XPath not working as expected with findall
anandijain opened this issue · comments
I cannot seem to make findall
work as intended. According to https://www.w3schools.com/xml/xpath_syntax.asp, it seems like the Xpath //ci
should get compartment
, k1
, S1
, but findall
returns empty Node.
<math xmlns="http://www.w3.org/1998/Math/MathML">
<apply>
<times/>
<ci> compartment
</ci>
<ci> k1
</ci>
<ci> S1
</ci>
</apply>
</math>
julia> findall("//ci", xml)
EzXML.Node[]
Your document has a namespace.
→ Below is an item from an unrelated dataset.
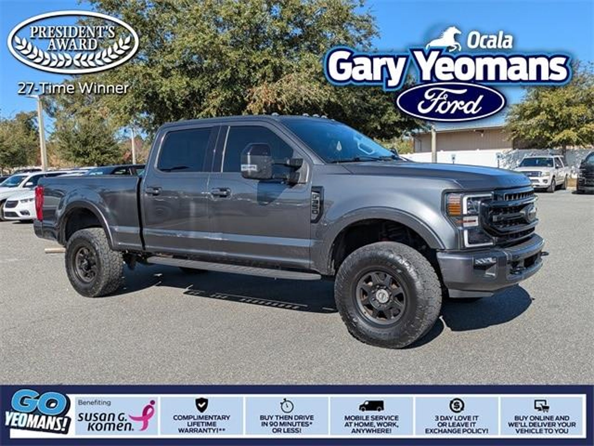 Certified. 2020 Ford F-350SD Lariat 4WD 10-Speed Automatic 7.3L V8 PFI SOHC 16V Federal 385hp Magnetic Metallic F-350 SuperDuty Lariat, 7.3L V8 PFI SOHC 16V Federal 385hp, 4WD, Black w/Front Leather Seating Surfaces 40/Console/40, 5th Wheel/Gooseneck Hitch Prep Package, 6 Ebony Black Angular Running Boards, Ambient Lighting - Fixed Color, Black Out Surrounds LED Only Headlamps, Body-Color Front & Rear Bumpers, Easy Entry®/Exit Memory Driver's Seat Feature, Ebony Black Painted Front Grille Bars, Ebony Black Painted Mirror Caps, GVWR: 11,300 lb Payload Package, Intelligent Access w/Push-Button Start, Lariat Sport Appearance Package, Lariat Ultimate Package, LED Box Lighting, Memory Power-Adjustable Pedals, Navigation System, Order Code 618A, Power Heated/Ventilated Driver Seat w/Memory, Power Heated/Ventilated Passenger Seat, Power Telescoping/Tilt Steering Wheel/Column, PowerScope Trailer Tow Mirrors w/Memory, Rear Wheel Well Liners (Pre-Installed), Remote Start System, Remote Tailgate Release, Tailgate Step & Handle, Tough Bed Spray-In Bedliner, Voice-Activated Touchscreen Navigation System. THIS VEHICLE INCLUDES THE FOLLOWING FEATURES AND OPTIONS: 5th Wheel/Gooseneck Hitch Prep Package, GVWR: 11,300 lb Payload Package, Lariat Sport Appearance Package (6 Ebony Black Angular Running Boards, Black Out Surrounds LED Only Headlamps, Body-Color Front & Rear Bumpers, Ebony Black Painted Front Grille Bars, Ebony Black Painted Mirror Caps, Rear Wheel Well Liners (Pre-Installed), and Tough Bed Spray-In Bedliner), Lariat Ultimate Package (Ambient Lighting - Fixed Color, Easy Entry®/Exit Memory Driver's Seat Feature, Intelligent Access w/Push-Button Start, LED Box Lighting, Memory Power-Adjustable Pedals, Power Heated/Ventilated Driver Seat w/Memory, Power Heated/Ventilated Passenger Seat, Power Telescoping/Tilt Steering Wheel/Column, PowerScope Trailer Tow Mirrors w/Memory, Remote Start System, Remote Tailgate Release, Tailgate Step & Handle, and Voice-Activated Touchscreen Navigation System), Order Code 618A, F-350 SuperDuty Lariat, Ford Blue Certified Certified, 7.3L V8 PFI SOHC 16V Federal 385hp, 4WD, Black w/Front Leather Seating Surfaces 40/Console/40, Navigation System, 10 Speakers, 110V/400W Outlet, 4-Wheel Disc Brakes, ABS brakes, Adaptive Cruise Control & Collision Warning, Adjustable pedals, Air Conditioning, Alloy wheels, AM/FM radio: SiriusXM, Auto High-beam Headlights, Auto-dimming Rear-View mirror, Automatic temperature control, Brake assist, Bumpers: chrome, Compass, Delay-off headlights, Driver door bin, Driver vanity mirror, Dual front impact airbags, Dual front side impact airbags, Electronic Stability Control, Emergency communication system: SYNC 3 911 Assist, Exterior Parking Camera Rear, Flow-Through Console, Front anti-roll bar, Front Bucket Seats, Front Center Armrest, Front dual zone A/C, Front fog lights, Front Leather Seating Surfaces 40/Console/40, Front reading lights, Fully automatic headlights, Heated door mirrors, Illuminated entry, Leather steering wheel, LED Roof Clearance Lights, Low tire pressure warning, Outside temperature display, Overhead airbag, Overhead console, Panic alarm, Passenger door bin, Passenger vanity mirror, Power door mirrors, Power driver seat, Power passenger seat, Power steering, Power windows, PowerScope Trailer Tow Mirrors w/Heat, Pro Trailer Backup Assist, Radio data system, Radio: B&O System by Bang & Olufsen, Rear Parking Sensors, Rear reading lights, Rear seat center armrest, Rear step bumper, Rear window defroster, Remote keyless entry, Security system, SiriusXM Radio, Speed control, Split folding rear seat, Steering wheel mounted audio controls, SYNC 3 Communications & Entertainment System, Tachometer, Telescoping steering wheel, Tilt steering wheel, Traction control, Trip computer, Turn signal indicator mirrors, Twin Panel Power Moonroof, Ultimate Trailer Tow Camera System, Universal Garage Door Opener (UGDO), Upfitter Switches (6), Variably intermittent wipers, and Wh

See here
In particular:
There is a caveat on the combination of XPath and namespaces: if a document contains elements with a default namespace, you need to specify its prefix to the find* function. For example, in the following example, the root element and its descendants have a default namespace "http://www.foobar.org", but it does not have its own prefix. In this case, you need to assign a prefix to the namespance when finding elements in the namespace:
julia> doc = parsexml(""" <parent xmlns="http://www.foobar.org"> <child/> </parent> """) EzXML.Document(EzXML.Node(<DOCUMENT_NODE@0x00007fdc67710030>)) julia> findall("/parent/child", doc.root) # nothing will be found 0-element Array{EzXML.Node,1} julia> namespaces(doc.root) # the default namespace has an empty prefix 1-element Array{Pair{String,String},1}: "" => "http://www.foobar.org" julia> ns = namespace(doc.root) # get the namespace "http://www.foobar.org" julia> findall("/x:parent/x:child", doc.root, ["x"=>ns]) # specify its prefix as "x" 1-element Array{EzXML.Node,1}: EzXML.Node(<ELEMENT_NODE[child]@0x00007fdc6774c990>)
So for yours:
julia> str = """
<math xmlns="http://www.w3.org/1998/Math/MathML">
<apply>
<times/>
<ci> compartment
</ci>
<ci> k1
</ci>
<ci> S1
</ci>
</apply>
</math>
"""
"<math xmlns=\"http://www.w3.org/1998/Math/MathML\">\n <apply>\n <times/>\n <ci> compartment\n </ci>\n <ci> k1\n </ci>\n <ci> S1\n </ci>\n </apply>\n</math>\n"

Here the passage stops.